Over time, changes characteristic of the chronic form of inflammation develop in the joints: osteoporosis, marginal and cortical usuras, loss and irreversible changes in cartilage, subarticular sclerosis, osteophytosis.

Among the late lesions of the nervous system, chronic encephalomyelitis, spastic paraparesis, ataxia, erased memory disorders, dementia, chronic axonal radiculopathy can be noted.

Patients report increased fatigue, headache, hearing impairment. Children have a delay in sexual development and growth. At the third stage, lesions of the skin appear in the form of a common form of dermatitis, scleroderma-like changes and atrophic acrodermatitis.

Diagnostics

Diagnosis of Lyme disease is difficult, especially in the later stages of the disease due to the multiplicity of clinical lesions and the frequent absence of typical symptoms. It is based on epidemiological data, the clinical picture and is confirmed by the results of serological studies.

A reliable diagnosis can be considered in the case when a history of erythema migrans was noted - a marker of this pathological process.

Advice!
It is difficult to distinguish borrelia cultures from a sick person. For diagnosis, the indirect immunofluorescence reaction and the reaction with enzyme-labeled antibodies are used.Often false-positive results can occur with syphilis. Possible infection can be judged by the detection of pathogens in intestinal preparations using dark field microscopy.

The chain polymerization method is also effective, the use of which confirms the diagnosis with a minimum number of microbes in the body.

Non-specific changes are noted in the peripheral blood; they mainly reflect the degree of inflammatory changes.

Treatment

Lyme disease is treated at the infectious diseases hospital. In the first stage, antibiotic therapy is indicated for two to three weeks. The drugs of choice are doxycycline, amoxicillin, the antibiotic of the reserve - ceftriaxone.

However, against the background of such treatment, allergic reactions (intoxication due to the mass death of pathogens, fever) may be noted. In this case, antibacterial drugs are canceled, and then their intake is resumed in smaller doses.

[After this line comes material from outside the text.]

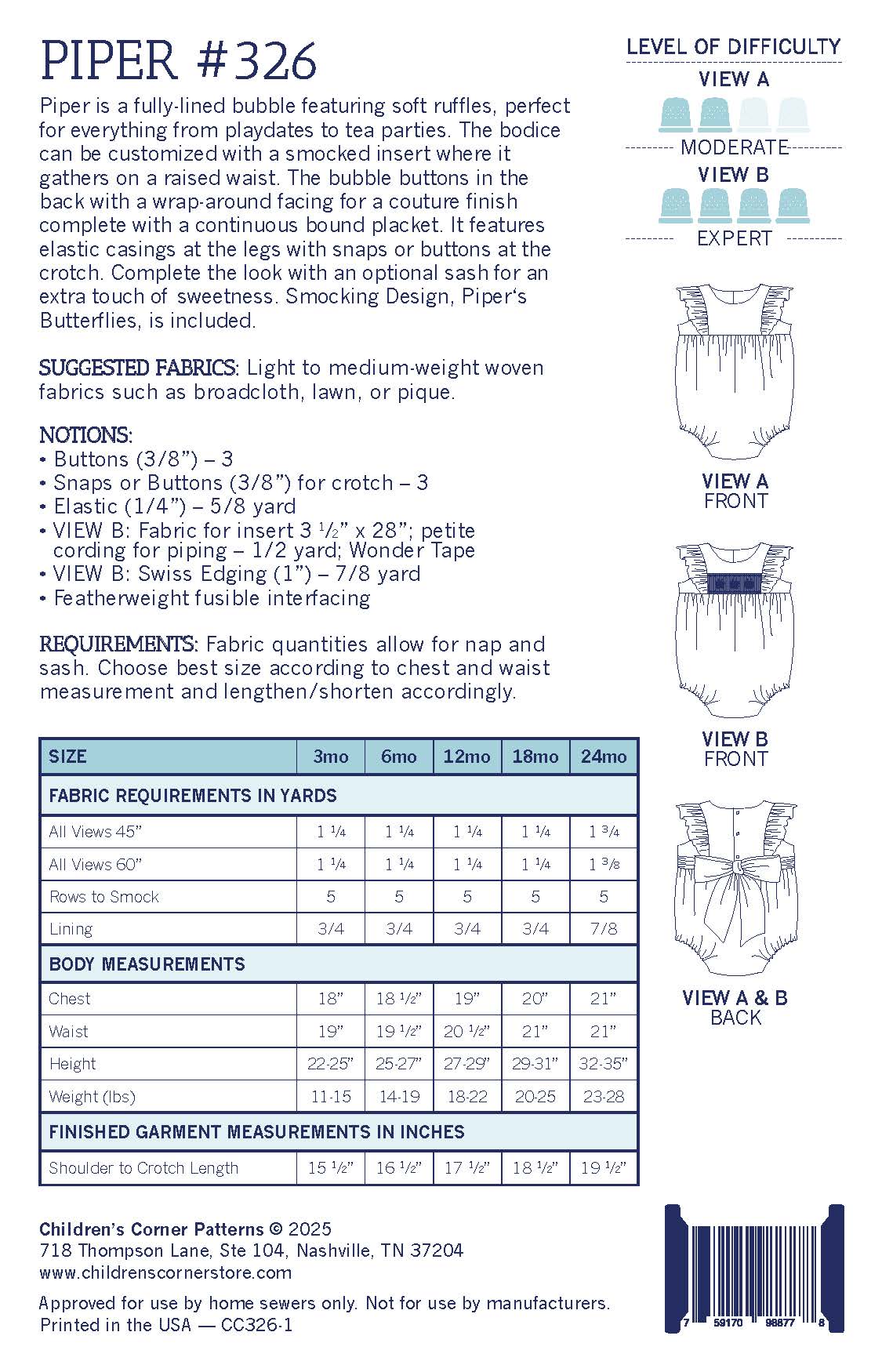 Piper is a fully-lined bubble featuring soft ruffles, perfect for everything from playdates to tea parties. The bodice can be customized with a smocked insert where it gathers on a raised waist. The bubble buttons in the back with a wrap-around facing for a couture finish complete with a continuous bound placket. It features elastic casings at the legs with snaps or buttons at the crotch. Complete the look with an optional sash for an extra touch of sweetness. Smocking Design, Piper's Butterflies, is included.

In the second stage of this disease, antibiotic therapy is carried out for three to four weeks. If there are no changes in the cerebrospinal fluid, then amoxicillin and doxycycline are indicated. In the presence of such changes, cefotaxime, ceftriaxone or benzylpenicillin is used.

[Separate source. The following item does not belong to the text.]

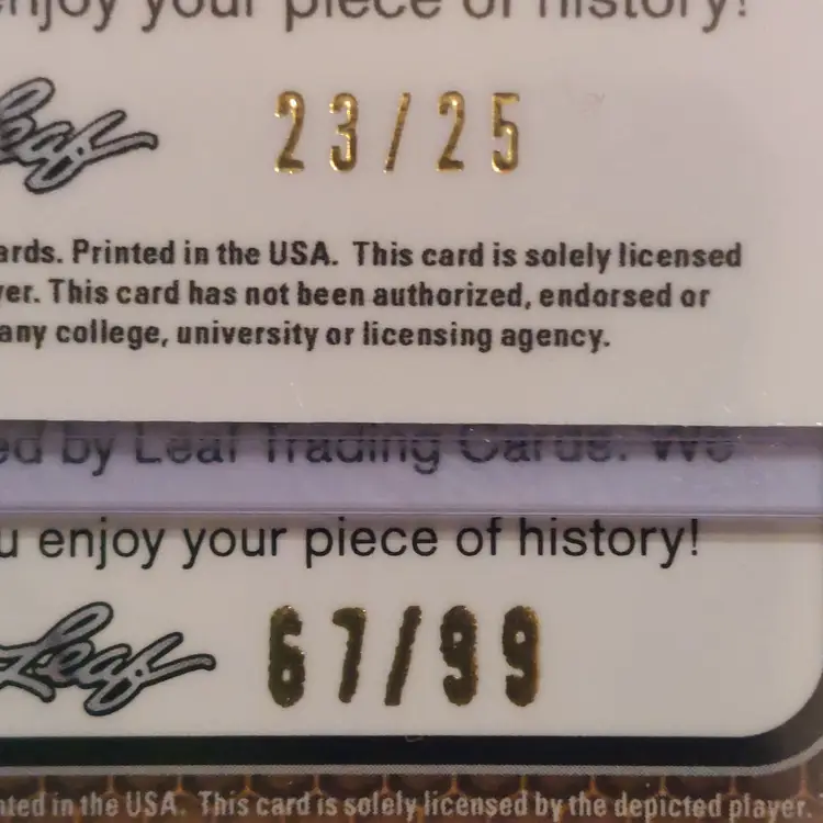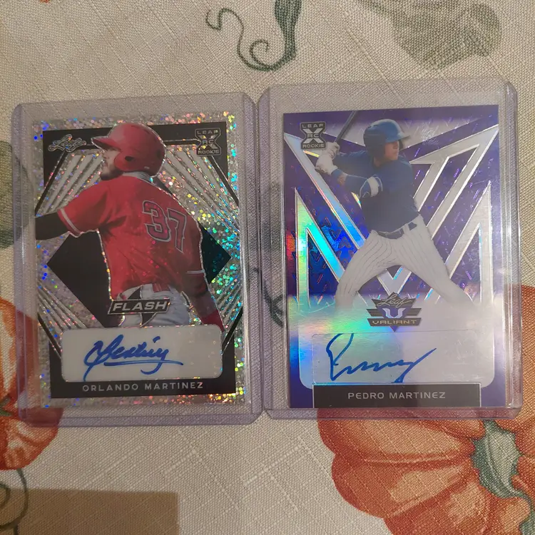 Pedro Martinez Auto. #23/25. 2020 Leaf Valiant purple Parallel. Orlando Martinez Auto. #67/99. 2021 Leaf Flash.

In the third stage of Lyme disease, antibacterial therapy with amoxicycline or doxycycline is also prescribed. The minimum treatment period is four weeks. In the absence of effect, ceftriaxone, cefotaxime or benzylpenicillin is indicated.

Consequences and forecast

Early use of antibacterial agents can significantly reduce the duration of therapy and prevent the development of the third stage of the disease.

Attention!
In the later stages, treatment for Lyme disease is not always successful. With damage to the central nervous system, the prognosis is in most cases unfavorable. During pregnancy, doxycycline is prohibited.

In Lyme disease, complications are rare, often they manifest as residual (residual) phenomena.

Prevention

Currently, specific methods for the specific prevention of this disease have not been developed. Non-specific measures include the use of deterrents and special protective clothing, the restriction of the use of raw milk.